Monday, April 17, 2006

Driving Miss Crazy; or, Joint Custody

I spent most of Friday night in the fogged-up backseat of a souped-up sportscar.

This could sound titillating if I were to, say, leave out the fact that it was not so much a sportscar as a two-door Chevy Cobalt coupe rental, and a bright neon yellow one at that, and maybe not souped-up so much as unfortunately burdened by an oversized and misguided spoiler.

Or the fact that the windows were fogged because it was, predictably, foggy and raining outside, because that's what it does outside every time we ever rent a car.

Or the fact that I wasn't sharing the backseat with a hot seventeen year old quarterback - - hold onto your bonnets, pedophiliaphobes, I'm a sixteen year old blonde cheerleader in this story - - but instead with one hundred-plus pounds of pressed particleboard shelving from IKEA, which M. and I bought on our way up to New Hampshire with the intention of folding the seats down and storing it in the car until we got back to Manhattan, except then the seats wouldn't fold down - - trust me, we tried, and hopefully no proud parents will be using the carseat attachment anytime soon, although they'd probably agree that it could just as easily be a folding-seat lever as a carseat anchor - - so we had to jam the six-foot long boxes into the main part of the car, which took some creative wrangling and gnashing of teeth and angry phone calls to Avis and venomous mutual glaring, but eventually we got them jammed, except then I had to sit in my petite backseat cocoon, which was okay with me because that way I could glare directly yet discretely into the back of M.'s skull.

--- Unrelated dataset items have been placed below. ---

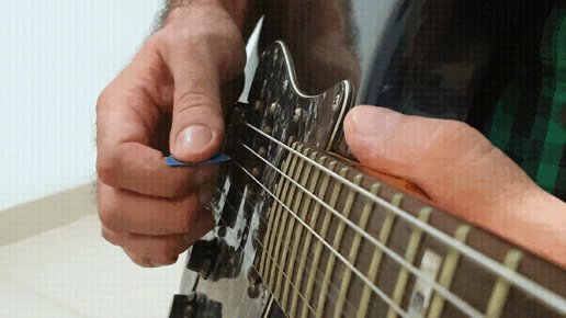 При игре возможны варианты ударов при использовании различных углов удара. Струну можно атаковать прямо, либо под углом по отношению к длине струны. Таким образом возможны следующие варианты: 2. Медиатор, направленный «передним» (ближним к грифу) краем вниз. Самый распространённый вариант. В силу распространённости может создаться впечатление, что это единственный правильный угол. Примеры этого хвата: Paul Gilbert, Yngwie Malmsteen, Al di Meola. (Пример 2) Лично я в большинстве случаев предпочитаю этот хват...
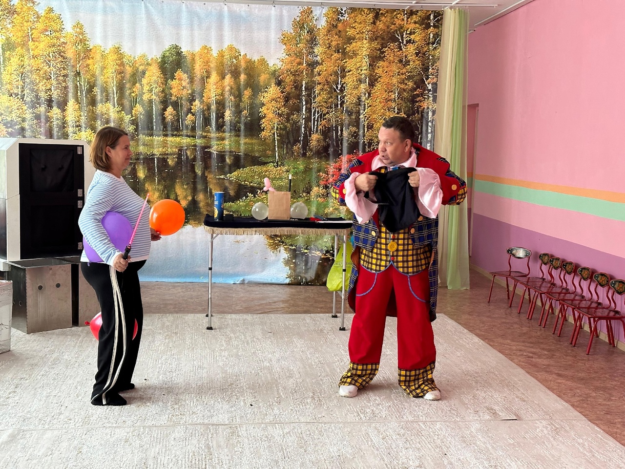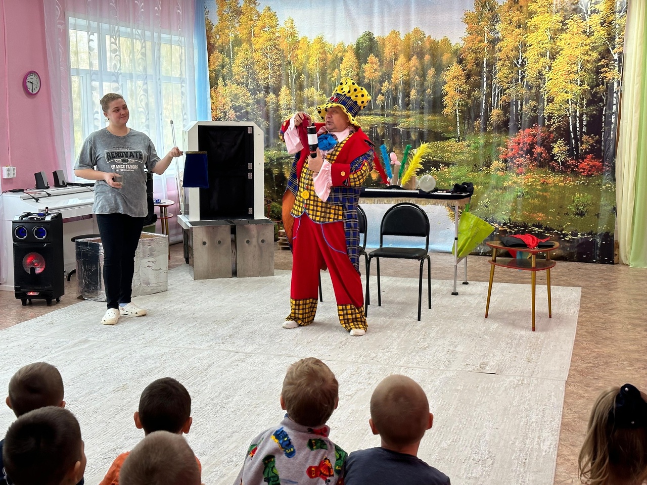 На праздник в гости к ребятам пришел фокусник Сергей Ильин. Он встречал детей шутками и смехом, проводил с ними веселые игры, аттракционы,розыгрыши.
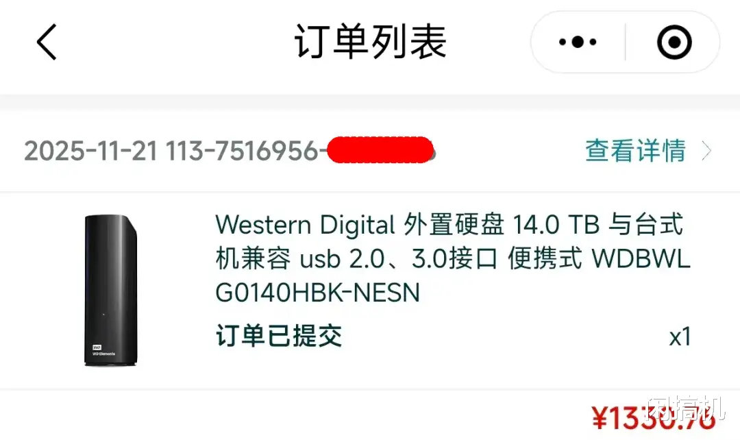 这里说个题外话,我也是预判明年存储还得涨,上周五趁着美国亚马逊的西数14T硬盘出现1221.08元的低价,加上进口费用合计1330.76元下了一单,折合1TB是95元,梦回涨价前。不过预计12月8日-31日送达,转运时间好久啊。

The fact that I did not spend Friday night - - or Easter Sunday afternoon for that matter - - getting deflowered in the back of an I-Roc Z is not the important issue here.

The important issue here is that, with some cooperation and patience, M. and I managed to take an impossible situation and make it work.

And then we got home yesterday afternoon and managed to put together a forty-piece IKEA shelving unit with only the merest hint of discord, and one which was quickly squelched only two minutes into our project.

And if we can accomplish these two things in the space of forty-eight hours, I can't help but to assume that we are Simply Meant To Be.

Five hundred bucks worth of unreturnable booze purchased at the tax-free New Hampshire State Liquor Store - - combined with ten place settings, an abundance of glassware, a few heavy kitchen gadgets, the largest IKEA shelving unit ever to be assembled in a fourth-floor walkup and, after our impending wedding shower this weekend, what I can only assume will be a plethora of other assorted and expensive and mutually-owned items - - only reinforces the fact that they (or we) can (or had better) Never Tear Us Apart.